* About this task *
Write out the line with "Bâz aslı ve" and every later line through the end of the data below, exactly as given, with no pictures in the copy.

* Information shown *
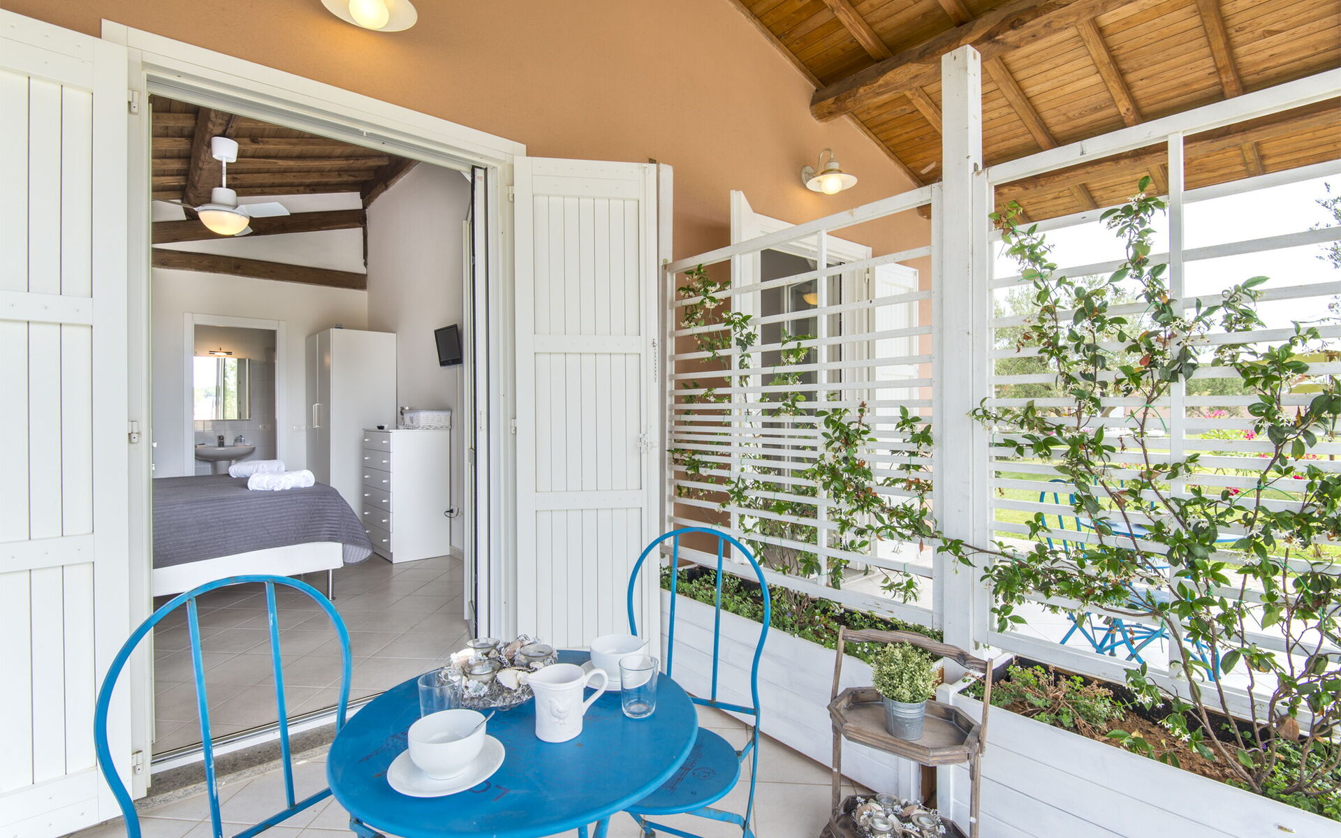 Bedroom + Ensuite Bathroom 6: double bed, air conditioning, mosquito net, satellite tv, ceiling fan, handicap ok, basin, toilet, shower, exit to the garden.
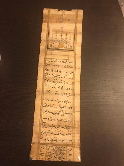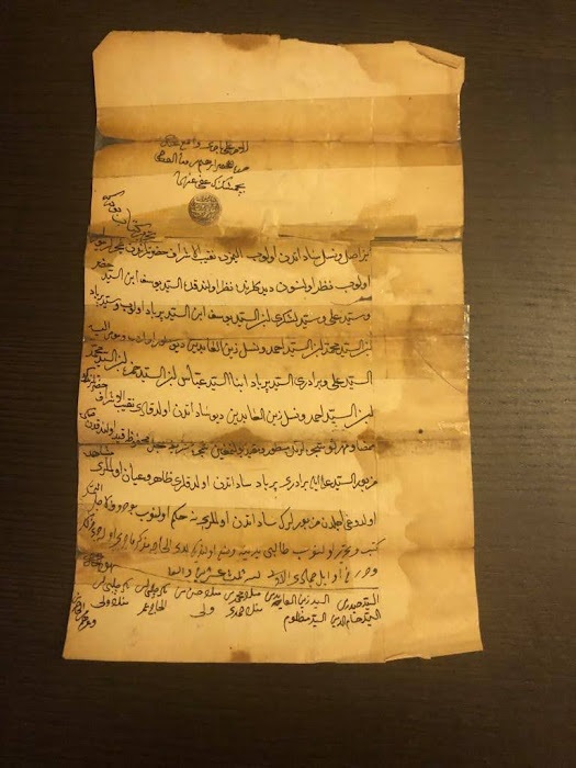 Bâz aslı ve nesli sâdâttan olub elimizde Nakîbu'l Eşrâf hazretlerinden şecereleri olub nazar olmanın dediklerinden nazar olundukta es-Seyyîd Yusûf b. es-Seyyîd Câfer ve Seyyîd Ali ve Seyyîd Leşkerî lî ibn-i es-Seyyîd Yusûf b. es-Seyyîd Pîr Bâd olub ve Seyyîd Pîr Bâd lî ibn-i es-Seyyîd Muhammed lî ibn-i es-Seyyîd Ahmed nesl-i Zeynû'l-Âbidîn divân-ı sâdâttan olub mümâileyh es-Seyyîd Ali ve biraderi es-Seyyîd Pîr Bâd Ebnâ-u es-Seyyîd Abbâs lî ibn-i es-Seyyîd Hamza lî ibn-i es-Seyyîd Muhammed lî ibn-i es-Seyyîd Ahmed ve nesl-i Zeynû'l-Âbidîn divân-ı sâdâttan oldukları Nakîbu'l-Eşrâf hazretlerinin mümza (imza) ve mühürlü şecerelerin mestur ve mukayyîd bulunmağın şecere-i şerîfe sicil-i mahfuza kayıt olunduktan sonra mezbur es-Seyyîd Ali ile biraderi Pîr Bâd sâdâttan oldukları zahir ve ayân olmaları müşâhede olduğu ecilden (açılmadan?) mezburlar ki sâdâttan olmaları hüküm olunub bu huruf lî ecl-i et-temekkür ketb ve tahrir olunub talibi yerine va'z olunduğu lede'l-hace müzekker ... olacağı müzakere ve haririni? evâil-i cemaziye'l-ulâ sene selâse işrîne elfe (Hicrî 1023 / Miladî 1614)
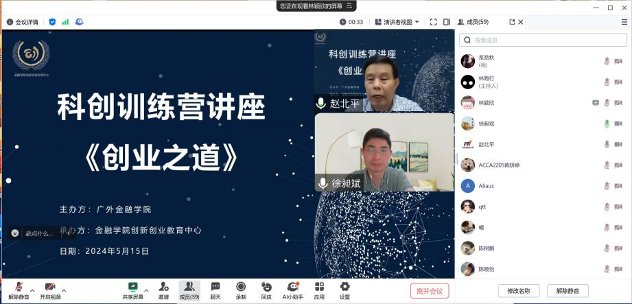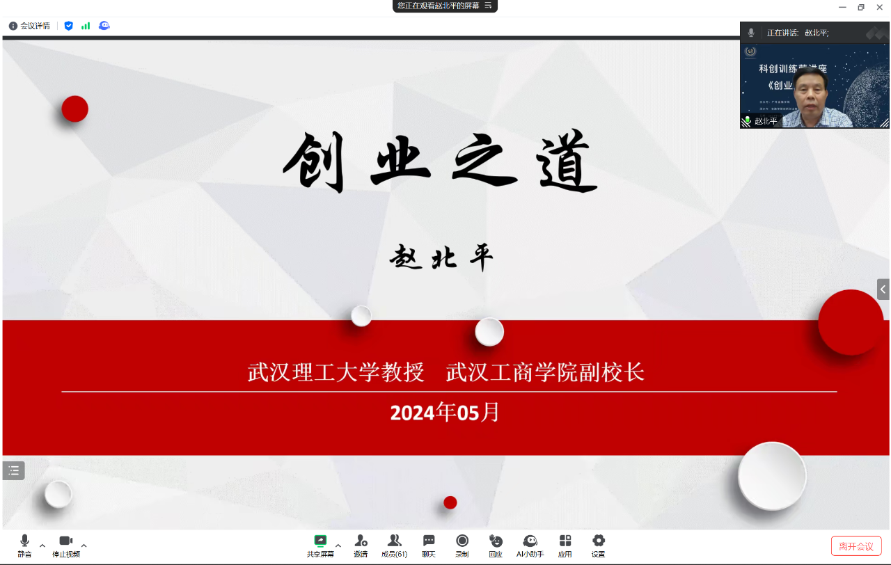 5月15日晚,太阳城“科创训练营”再次开讲。本次讲座以在线方式进行,特别邀请到武汉工商公司副董事长,原武汉理工大学员工就业指导中心主任,创业公司首任经理赵北平作为主讲嘉宾,为大家带来了主题为“创业之道”的精彩演讲。活动由公司党委书记徐昶斌主持。

* Response for this exercise *
 Bâz aslı ve nesli sâdâttan olub elimizde Nakîbu'l Eşrâf hazretlerinden şecereleri olub nazar olmanın dediklerinden nazar olundukta es-Seyyîd Yusûf b. es-Seyyîd Câfer ve Seyyîd Ali ve Seyyîd Leşkerî lî ibn-i es-Seyyîd Yusûf b. es-Seyyîd Pîr Bâd olub ve Seyyîd Pîr Bâd lî ibn-i es-Seyyîd Muhammed lî ibn-i es-Seyyîd Ahmed nesl-i Zeynû'l-Âbidîn divân-ı sâdâttan olub mümâileyh es-Seyyîd Ali ve biraderi es-Seyyîd Pîr Bâd Ebnâ-u es-Seyyîd Abbâs lî ibn-i es-Seyyîd Hamza lî ibn-i es-Seyyîd Muhammed lî ibn-i es-Seyyîd Ahmed ve nesl-i Zeynû'l-Âbidîn divân-ı sâdâttan oldukları Nakîbu'l-Eşrâf hazretlerinin mümza (imza) ve mühürlü şecerelerin mestur ve mukayyîd bulunmağın şecere-i şerîfe sicil-i mahfuza kayıt olunduktan sonra mezbur es-Seyyîd Ali ile biraderi Pîr Bâd sâdâttan oldukları zahir ve ayân olmaları müşâhede olduğu ecilden (açılmadan?) mezburlar ki sâdâttan olmaları hüküm olunub bu huruf lî ecl-i et-temekkür ketb ve tahrir olunub talibi yerine va'z olunduğu lede'l-hace müzekker ... olacağı müzakere ve haririni? evâil-i cemaziye'l-ulâ sene selâse işrîne elfe (Hicrî 1023 / Miladî 1614)
 5月15日晚,太阳城“科创训练营”再次开讲。本次讲座以在线方式进行,特别邀请到武汉工商公司副董事长,原武汉理工大学员工就业指导中心主任,创业公司首任经理赵北平作为主讲嘉宾,为大家带来了主题为“创业之道”的精彩演讲。活动由公司党委书记徐昶斌主持。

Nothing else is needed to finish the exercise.